Some researchers have discussed the relationship between China’s economic structure and carbon peak. For example, Ding et al. [28] analyzed the impact of modernization on CO2 emissions in China by using a comprehensive index system and combining panel data. The results addressed that industrialization, agricultural modernization, informatization, and urbanization had a positive impact on CO2 emissions during the study period. However, there is a negative correlation between ecological modernization and CO2 emissions. Meng et al. [29] adopted a segmented quadratic equation to fit the relationship between economic level and CO2 emissions. A hybrid trend extrapolation model was used to predict emission-related indicators. The results recognized that 2018 is the peak of CO2 emissions in China. Su et al. [30] developed an input–output optimization model to evaluate the impact of economic structure changes on carbon emissions. The results suggest that the inhibition effect of structural change on carbon emissions presents a progressively increasing marginal trend and that accelerating the pace of China’s economic transformation is very conducive to realizing the peak of CO2 emissions in advance.

4.2. Carbon Neutralization

Achieving carbon neutrality means that the amount of carbon emitted by social activities is equal to the amount of carbon absorbed by a series of social activities. To achieve carbon neutralization within a certain period, enterprises, social groups, and individuals can measure their CO2 emissions and offset them by planting trees, saving energy, and using clean energy [17]. China’s goal of achieving carbon neutralization by 2060 has been studied by numerous scholars.
There are various ways to achieve carbon neutralization, including nationally determined contributions (NDCs), carbon pricing, carbon dioxide removal (CDR) technology, CO2 negative emission technology, renewable energy sources, carbon capture and storage, and carbon productivity.
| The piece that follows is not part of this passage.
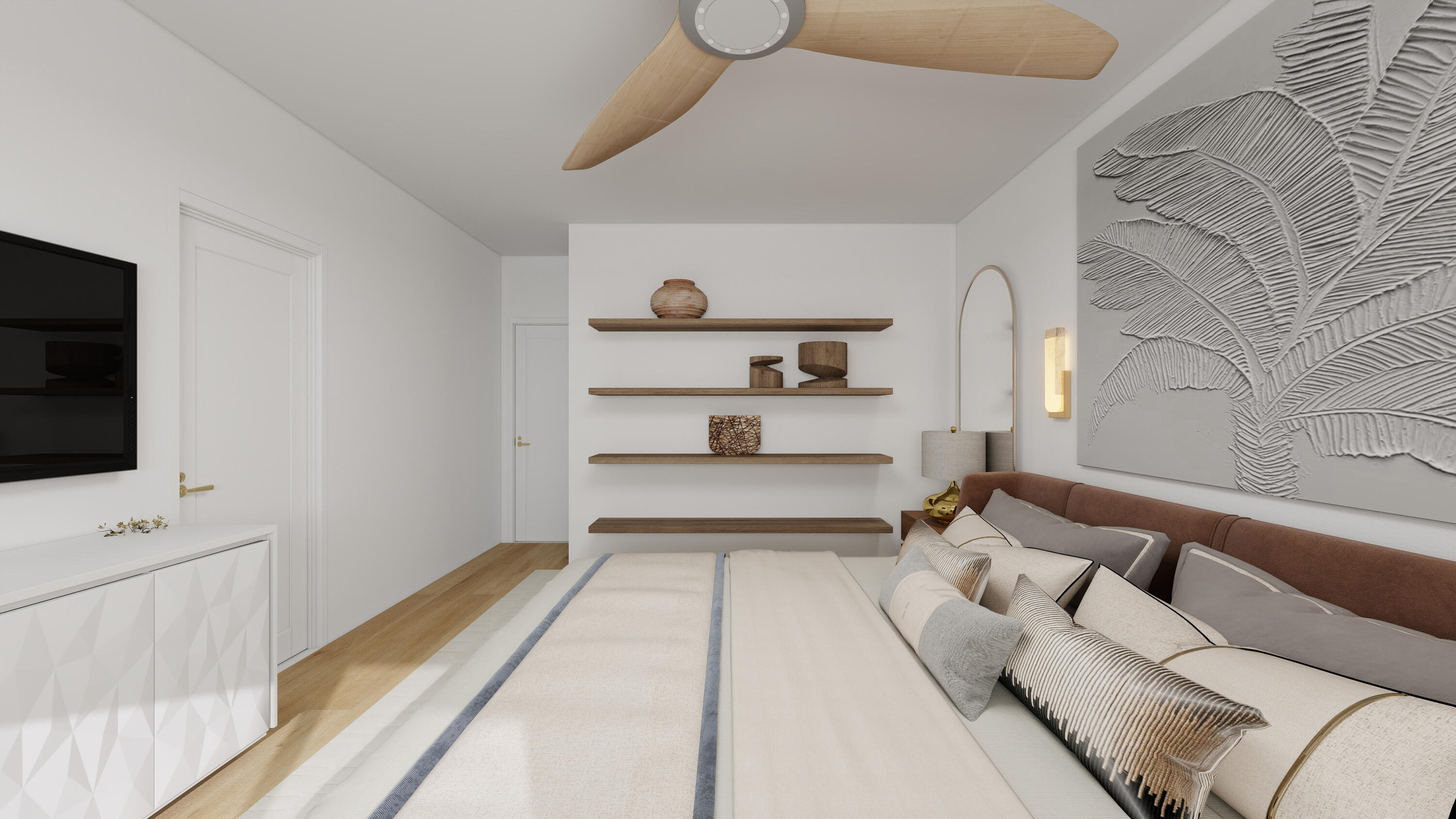 Newly reimagined Polo Club residence, finishing touches underway. Features all new Thermador appliances, custom cabinetry, waterfall stone island, and built-in wine fridge. White oak hardwood floors throughout. Primary suite includes walk-in closet and large bathroom with floating double vanity and spa style shower. Two guest bedrooms with large closets and elegant bathrooms. All new washer and dryer, complete impact glass, new water heater, and recently installed AC unit. Spacious screened balcony with water and polo field views. No detail overlooked. Located in the gated Palm Beach Polo with access to gym, dog park, and walking trails, just minutes from premier equestrian venues. Available now for previews, completion expected mid to late November. Interior visuals are 3D renderings.

NDCs are a central component of the post-2020 global climate agreement. Pan and Teng [31] evaluated China’s CO2 emission reduction targets in NDCs using the fair ranges calculated by the effort-sharing framework of six equity principles. The results explained that equity in China’s NDCs relies heavily on specific equity principles, as well as China’s energy system needs, to achieve carbon neutralization by 2030 at the latest. Other ways to achieve carbon neutralization concern CDR technology. Strefler et al. [32] assessed a comprehensive combination of CDR options. The results pointed out that CDR helps to slow down net carbon dioxide emissions and achieve carbon neutrality earlier. Strefler et al. [33] proposed other carbon price pathways that may be easier to implement while limiting CDR technologies to prevent warming. Carbon capture, use, and storage is an emerging technology that can reduce carbon emissions. Hu et al. [34] investigated the impact of energy consumption, technological innovation, and capital on economic output and CO2 emissions in India from 1990 to 2018. As such, the results pointed out that carbon capture and storage would dramatically reduce CO2 emissions. Liu et al. [35] constructed a complex decision model for risk assessment and evaluated carbon capture technology based on the comprehensive decision model.
The realization of carbon neutralization is closely related to the economy, which a low-carbon economy fails to fulfill without financial support. Iqbal et al. [36] suggested that export diversification, fiscal decentralization, and GDP growth generated a positive impact on CO2 emissions. Liu and Liu [37] investigated the impact of financial development on carbon emission intensity and its mechanism theoretically and empirically. To this end, the results explained that financial development significantly decreases China’s overall carbon emission intensity. Carbon neutralization is the main goal of climate change mitigation. Renewable energy policies play an important role in achieving carbon neutralization. Tudor and Sova [38] conducted an empirical analysis of 94 countries to study the impact of relevant economic and environmental drivers emerging from the current policy objectives on the heterogeneity of renewable energy consumption (REC). The results indicated that CO2 intensity has a significant mitigation impact on REC worldwide. Other scholars have studied China’s carbon neutralization in other ways. Zhou et al. [39] employed the entropy model to allocate China’s renewable energy quotas from the perspective of provinces. They introduced the environmental Gini coefficient to evaluate the rationality of the allocation results.
China is faced with challenges in the process of achieving carbon neutralization, such as a continuous increase in energy consumption, CO2 emissions, the short transition time for emission reduction, low energy utilization rate, unbalanced economic development, immature low-carbon technology, etc. [17]. Achieving carbon neutralization will require rapid and far-reaching changes across the community. On the one hand, comprehensive emission reduction measures are required in all sectors, including energy decarbonization, electrification, an increasing share of renewable energy, improvements to energy efficiency, sustainable land management, transport decarbonization, reductions in food loss and waste, and behavioral and lifestyle changes. On the other hand, neutralization could be achieved by enriching the application of emission reduction technologies, such as CDR technologies, renewable energy, and carbon capture and storage [40].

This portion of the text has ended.